# Squirrels in the garden



## mdprepper (Jan 22, 2010)

I know, I have not even broken ground on my garden yet. But I has having my morning coffee and looking out back and imagining it full of lush plants to feed my family and it hit me. 

There is my nice swing that the squirrels shredded to use the stuffing for their nests. There is the herb planter that they stole my garlic, half the chives and all of my lavender starters out of last spring.

So what can I do to keep them from getting into my garden this spring?

I can NOT use poison. Too many kids and pets in the area.

I can NOT shot them with a .22. I live in a townhouse community with 2 (yep I said 2) associations. (I was 18yo when my husband and I bought the house and just didn't know any better:dunnoThey would have me locked up before I could get the weapon put away. Plus, all of those kids and pets.

I can NOT have my husband and son pee  around the perimeter. See associations above.

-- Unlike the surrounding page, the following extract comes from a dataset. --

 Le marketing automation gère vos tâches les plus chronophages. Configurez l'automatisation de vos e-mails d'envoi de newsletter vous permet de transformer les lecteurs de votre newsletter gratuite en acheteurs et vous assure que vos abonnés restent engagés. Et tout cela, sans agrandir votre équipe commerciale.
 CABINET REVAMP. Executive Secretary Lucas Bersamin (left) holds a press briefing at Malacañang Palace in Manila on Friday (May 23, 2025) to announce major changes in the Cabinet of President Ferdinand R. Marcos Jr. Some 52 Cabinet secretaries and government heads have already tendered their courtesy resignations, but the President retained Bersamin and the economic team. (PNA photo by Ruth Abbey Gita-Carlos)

I do not want to use a live trap. We have done that in the past and relocated them, but it makes the dog crazy until my husband comes home to remove them. The dog is an inside dog, and will chase the squirrels when we put him out to do his business, but we can not leave him outside all day long (spoiled I know).

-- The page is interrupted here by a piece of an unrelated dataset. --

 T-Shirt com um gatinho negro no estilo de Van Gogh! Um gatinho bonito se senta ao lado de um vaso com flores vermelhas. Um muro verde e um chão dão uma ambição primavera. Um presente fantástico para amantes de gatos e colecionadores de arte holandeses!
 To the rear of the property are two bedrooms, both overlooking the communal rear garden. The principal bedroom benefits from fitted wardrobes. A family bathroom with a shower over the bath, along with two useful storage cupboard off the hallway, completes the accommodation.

Putting up a lot of chicken wire will make it a pain for me to tend the garden.

If I were to "deter" them with a BB or airsoft rifle would they get the hint and not come back?:scratch
Are there any herbs that I could add to the garden that will keep them away?
What are your non-lethal thoughts?
:flower:


----------



## TechAdmin (Oct 1, 2008)

I have had success with bb guns but your associations mite still take issue. If you have an airsoft gun you can get biodegradable bbs but I have heard a few stories about animals eating those and having to be put down due to intestinal issues.


----------



## *Andi (Nov 8, 2009)

The only thing left that I can think of would be cayenne pepper. Place it around your plants, and replace after it rains. I use the cheap ones from the dollar store. 

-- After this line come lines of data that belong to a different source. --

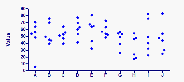 上图是通过模拟生成的。这十组数据集中的数值均通过随机抽样从一个均值为50、标准差为15的高斯分布中获取。但大多数人会认为数据集A中的最小值是异常值,或许数据集J中的最大值也是。大多数人无法理解随机波动,往往会过频地发现“异常值”。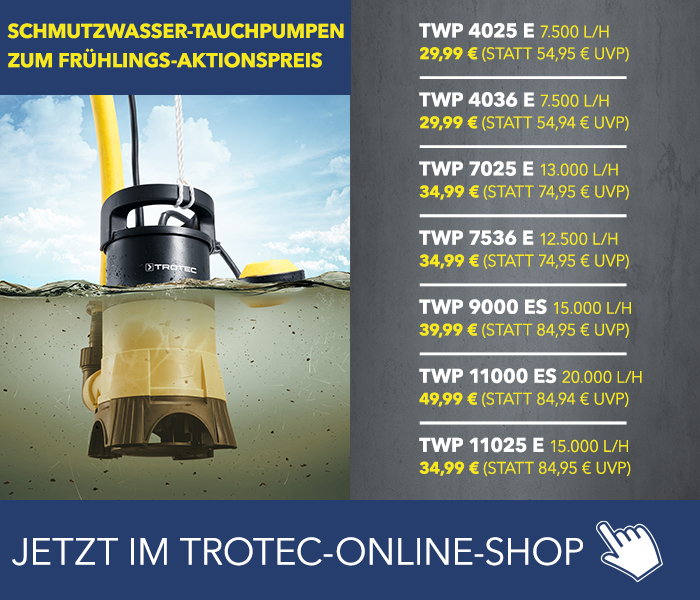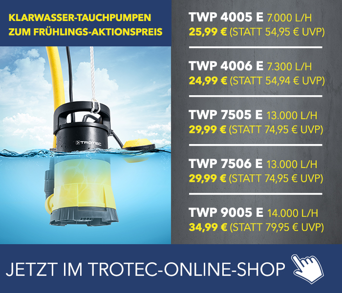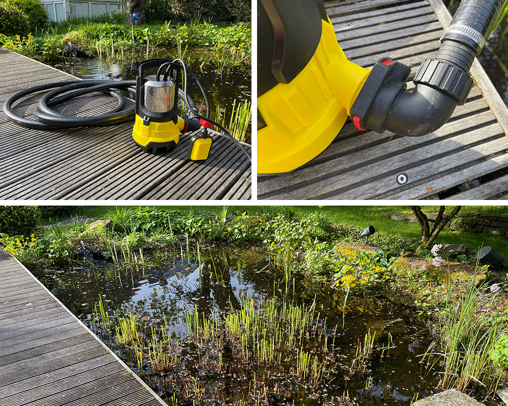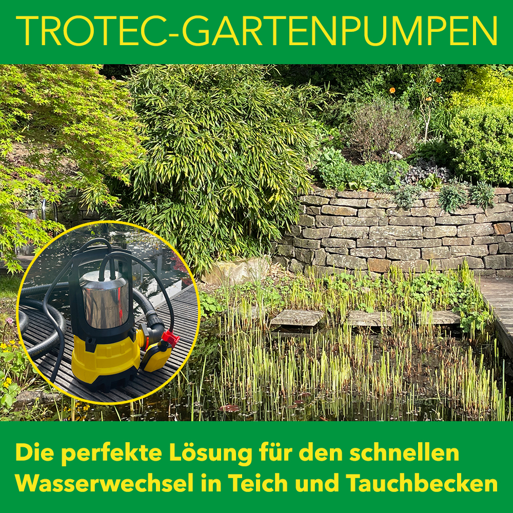 Ist im Frühjahr das Wasser im Gartenteich trüb oder grünlich, riecht es unangenehm oder weist das Wasser eine erhöhte Konzentration von Ammoniak oder Nitrit auf, ist es Zeit für einen teilweisen oder kompletten Wechsel des Wassers. Besonders schnell und einfach gelingt der Wasserwechsel mit Klarwasser- und Schmutzwasser-Tauchpumpen von Trotec, die mit ihren hohen Förderleistungen von bis zu 20.000 l/h sowohl den teilweisen Austausch des Wassers aber ebenso einen Vollwasserwechsel spürbar beschleunigen.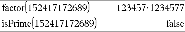 factor(nombreRationnel) factorise le nombre rationnel en facteurs premiers. Pour les nombres composites, le temps de calcul augmente de façon exponentielle avec le nombre de chiffres du deuxième facteur le plus grand. Par exemple, la factorisation d'un entier composé de 30 chiffres peut prendre plus d'une journée et celle d'un nombre à 100 chiffres, plus d'un siècle. Pour arrêter un calcul manuellement,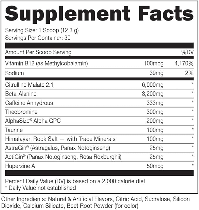 - AMAZING TASTE - Flavor like you've never had in a Pre Workout drink! Natural and Artificial Flavors with NO SUGAR or stevia. KETO FRIENDLY and fully transparent nutrition label. Supplement.- L-Citrulline (amino acid) – 6 Grams to Maximize Blood Flow (Nitric Oxide Booster)*

I have a recipe for cayenne pepper spray (some where) that worked well on groundhogs, I'll see if I can find it if you would like me to.


----------



## UncleJoe (Jan 11, 2009)

Slingshot?


----------



## Seneschal (Dec 12, 2008)

My grandparents use diluted ammonia around the base of their fence to keep stray dogs and cats out. I haven't seen a single stray dog or cat there in years.

Come to think of it, I've never seen a single squirrel in their yard in years, either. Could be that would work! I don't ever notice any ammonia smell, but apparently it's bad enough to keep animals away. Lol, the barky dog next door hates their fence, and never runs at it.

EDIT: Let me put a disclaimer on this. I don't know how MUCH ammonia they use, or how often, or how diluted it is. I also don't know if this could cause any problems with your garden, either. I would suggest a little research before you try this. I don't want you to put ammonia down and grow poisonous carrots and get sick or something.


----------



## TechAdmin (Oct 1, 2008)

*Andi said:


> The only thing left that I can think of would be cayenne pepper. Place it around your plants, and replace after it rains. I use the cheap ones from the dollar store.
> 
> I have a recipe for cayenne pepper spray (some where) that worked well on groundhogs, I'll see if I can find it if you would like me to.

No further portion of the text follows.